1 pound ricotta cheese
1 pound ground veal (triple ground by butcher or at home), chilled
2 large eggs
1 cup freshly grated Parmigiano-Reggiano, plus more for serving
1 tablespoon salt, or as needed
freshly ground black pepper
freshly grated nutmeg, as needed
vegetable oil for frying
1 cup flour, or as needed
4 cups Romesco tomato sauce
1 lemon for zesting
1. Wrap ricotta in cheesecloth a day before serving and place in a sieve set over a bowl. Weight cheese, cover and refrigerate overnight (cheese should then have consistency of tofu).
2. The next day combine all ingredients (except oil, flour and sauce) in a bowl and mix with hands until completely smooth, pale and homogenized, for about 4 minutes. Test seasoning by frying a bit in hot oil. It should taste a bit salty. Due to the amount of time they will be braising, much salt will be lost. Cover and chill before shaping into meatballs.
3. Dust a baking sheet and your hands with flour. Keep remaining flour nearby in bowl. Gently form meat into golf ball size balls. Place on baking sheet, cover with plastic wrap and refrigerate until chilled (about 1 hour).
4. Preheat oven to 350 degrees.
5. Place about 1 ½ inches oil in large skillet over medium-high heat. When oil is hot, roll meatballs in ball of flour and shake of access flour.
6. Fry the meatballs, moving them as little as possible. When bottoms are golden brown (after about 2 minutes), gently turn them. Fry until brown on all sides.
7. Place meatballs in a baking pan with high sides (those great disposable foil pans are perfect for this!). Cover with sauce and bake, covered in foil, for 30-35 minutes. They can remain in the sauce for hours.

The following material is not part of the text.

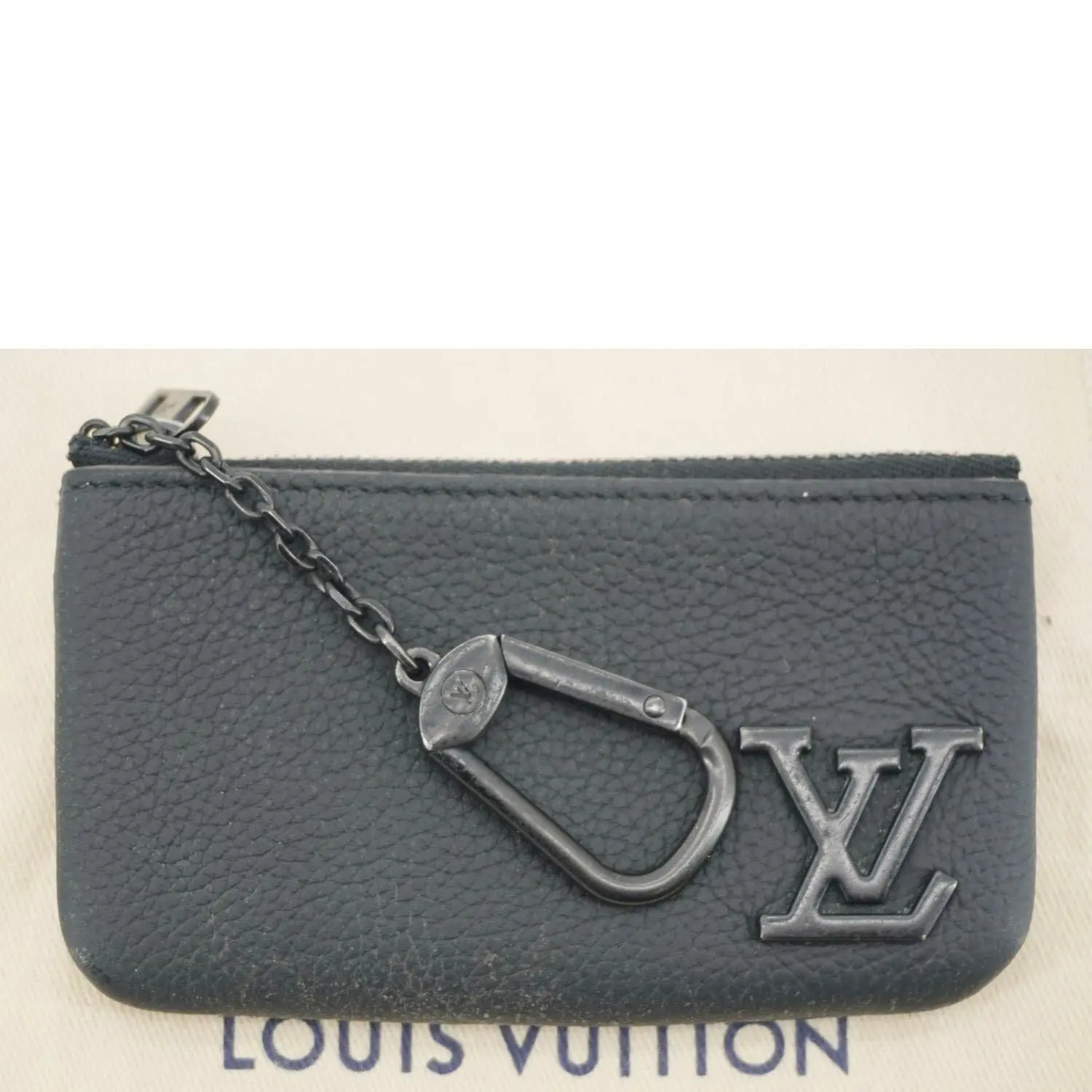 Crafted from luxurious Aerogram leather, this sleek Louis Vuitton key pouch features a minimalist design with an LV monogram detail. Perfect for storing keys and small essentials with a refined touch.

8. Season with salt and pepper to taste. Can be refrigerated overnight, and gently reheated in the oven. Serve meatballs in sauce alone, or over pasta; sprinkle fresh Parmesan, great some toasted hazelnuts and lemon zest.
1 can roasted red peppers
¼ tablespoon toasted hazelnuts
1 ¼ cup extra-virgin olive oil
1 slice country bread, about 1-inch thick
1 can canned San Marzano tomatoes
1 clove garlic, chopped
½ teaspoon crushed red pepper flakes
1 tablespoon chopped flat-leaf parsley
½ lemon, for juicing
a splash of sherry vinegar (use a mild wine or balsamic vinegar instead)
1. Heat a large sauté pan over high heat for 2 minutes. Add 2 tablespoons of olive oil, wait a moment (for it to heat) and fry the slice of bread on both sides until golden brown.
2. Remove the bread from the pan and cool. Cut it into 1-inch cubes and set aside.
3. Return the pan to the stove over high heat. Add 2 tablespoons of olive oil and the peppers and sauté for a minute or two. Add the tomatoes. Season with ½ teaspoon of kosher salt and cook for a few minutes, stirring often, until the tomato juices have evaporated. Turn off the heat and leave the mixture in the pan.
4. In a food processor, pulse together the toasted nuts, garlic and fried bread until the bread and nuts are coarsely grounded. Add the pepper-tomato mixture and process for 1 minute more. With the machine running, slowly pour in the remaining 1 cup of olive oil and process until you have a smooth purée. Don’t worry, the Romesco will “break” (separate into solids and oil); this is normal. Add the parsley, season to taste with lemon juice, sherry vinegar and more salt, if you feel, it needs it.
5. Put the mixture back on medium heat for 10-25 minutes and let the flavors marry.
*Toasted Hazelnuts: preheat the oven to 350 degrees. Spread nuts on rimmed cookie sheet and bake for 10-15 minuets until skins start to darken and blister. Remove from oven and wrap in a dishtowel and let cool for 5 minutes. While nuts are still in the towel, rub vigorously to remove as much skin as possible. There will still be a fair amount of skin attached to nuts, but it doesn’t matter in the finished dish.